▶ **TASK DIRECTIONS**
Find the line holding "Весной 2021 года" in the entries below. Give it again exactly, along with every line after it up to and including the line holding "Klawisze Zapisz do".

▶ **INFORMATION GIVEN**
______

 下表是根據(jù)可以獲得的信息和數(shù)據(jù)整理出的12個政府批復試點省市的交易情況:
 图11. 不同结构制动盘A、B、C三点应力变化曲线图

______

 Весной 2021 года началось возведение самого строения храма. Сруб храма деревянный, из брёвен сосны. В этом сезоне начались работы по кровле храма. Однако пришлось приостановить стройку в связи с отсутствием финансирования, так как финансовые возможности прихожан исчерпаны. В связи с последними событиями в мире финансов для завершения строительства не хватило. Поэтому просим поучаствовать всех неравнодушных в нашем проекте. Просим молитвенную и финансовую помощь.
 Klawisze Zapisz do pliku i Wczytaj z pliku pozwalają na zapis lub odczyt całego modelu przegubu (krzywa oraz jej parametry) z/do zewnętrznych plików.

______

▶ **WRITTEN ANSWER**
 Весной 2021 года началось возведение самого строения храма. Сруб храма деревянный, из брёвен сосны. В этом сезоне начались работы по кровле храма. Однако пришлось приостановить стройку в связи с отсутствием финансирования, так как финансовые возможности прихожан исчерпаны. В связи с последними событиями в мире финансов для завершения строительства не хватило. Поэтому просим поучаствовать всех неравнодушных в нашем проекте. Просим молитвенную и финансовую помощь.
 Klawisze Zapisz do pliku i Wczytaj z pliku pozwalają na zapis lub odczyt całego modelu przegubu (krzywa oraz jej parametry) z/do zewnętrznych plików.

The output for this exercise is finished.